Atualmente, estas preocupações são amplamente aceitas pelos ministérios do meio ambiente e de relações internacionais. No entanto, o desafio é fazer com que o debate seja incorporado por outras áreas do governo. Pastas como agricultura, energia e água precisam discutir o assunto. Empresas e consumidores também precisam desempenhar um papel mais responsável.

“Não fazemos recomendações, porque os governos não gostam que lhes digam o que fazer. Então, em vez disso, damos a eles opções ”, disse Watson.

Futuro da biodiversidade será discutido no final do ano

O relatório será usado em uma grande conferência da ONU no final deste ano. Os signatários da Convenção para a Biodiversidade se reunião em Sharm El-Sheikh em novembro. A ideia é discutir maneiras para aumentar as metas e fortalecer o cumprimento.
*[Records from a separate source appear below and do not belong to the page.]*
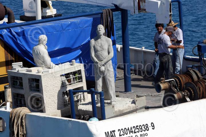 CANCUN, QUINTANA ROO, 21NOVIEMBRE2009.- Hoy se comenzó a sumergir las esculturas de cemento que formarán parte del museo subacuático más grande del mundo, que tendrá en total 400 piezas. Se trata de una interesante apuesta en el caribe mexicano que se ubicará en el Parque Nacional Costa Occidental de Isla Mujeres, Punta Cancún y Punta Nizuc, para que de esa manera parte de los casi 300.000 turistas que visitan la zona al año reduzcan la presión sobre los hábitats naturales. Las esculturas son de un cemento especial que permitirán que rápidamente sean colonizadas por los organismos del mar, es decir que será la naturaleza la que complete las obras escultóricas, y desde luego que será el paraíso de los buceadores. FOTO: AMARANTA PRIETO/CUARTOSCURO.COM
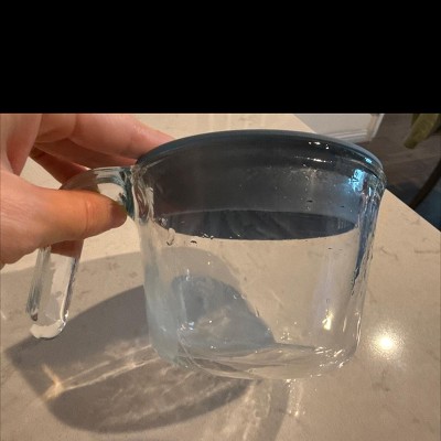 A: The measuring cup is made from borosilicate glass, known for its durability.
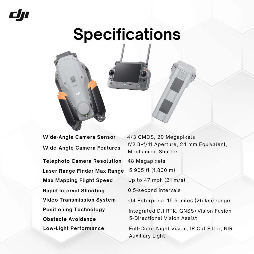 - Photo Format: DJI Matrice 4T: JPEG, DJI Matrice 4E: Wide: JPEG/DNG (RAW), Medium Tele Camera: JPEG, Telephoto: JPEG
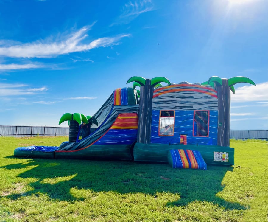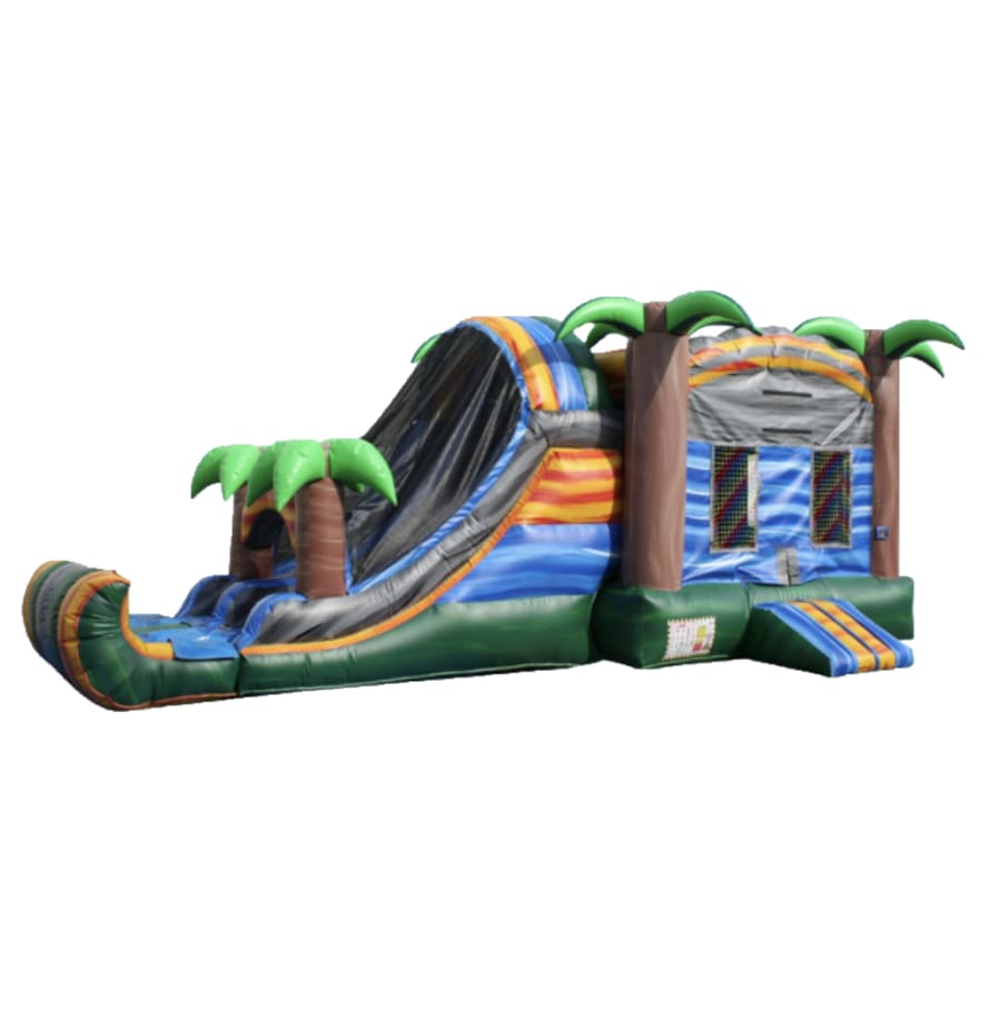 Welcome to Inflatafuns Tropical Rainforest water slide bounce house Combo! This unisex unit features 3D palm trees, dual lane water slides with a large splash pad landing. The inside features a basket ball hoop and bright colors for all. We deliver the fun for all ages and occasions. This one of a kind tropical water slide/ bounce house can be delivered to Carlsbad NM, Loving NM, Malaga NM. Book online with us today!

No entanto, vale lembrar, que desde 1977 já foram elaborados mais de 140 relatórios científicos. Quase todos alertando para a deterioração do clima e do mundo atual.

Sem mais pressão da sociedade civil, da mídia e dos eleitores, os governos têm relutado para sacrificar metas econômicas de curto prazo. Não pensam em enfrentar o desafio ambiental de longo prazo para o bem-estar do ser humano.

“A biodiversidade está sob séria ameaça em muitas regiões do mundo e é hora de os formuladores de políticas agirem em nível nacional, regional e global”, disse José Graziano da Silva, diretor-geral da FAO (Organização das Nações Unidas para Alimentação e Agricultura).

Outros cientistas apontam a crise como algo mais crítico. O biólogo Paul Ehrlich alertou que o colapso civilizacional é “quase certeza” nas próximas décadas devido à atual destruição da natureza.

* Jonathan Watts é editor global de Meio Ambiente do The Guardian.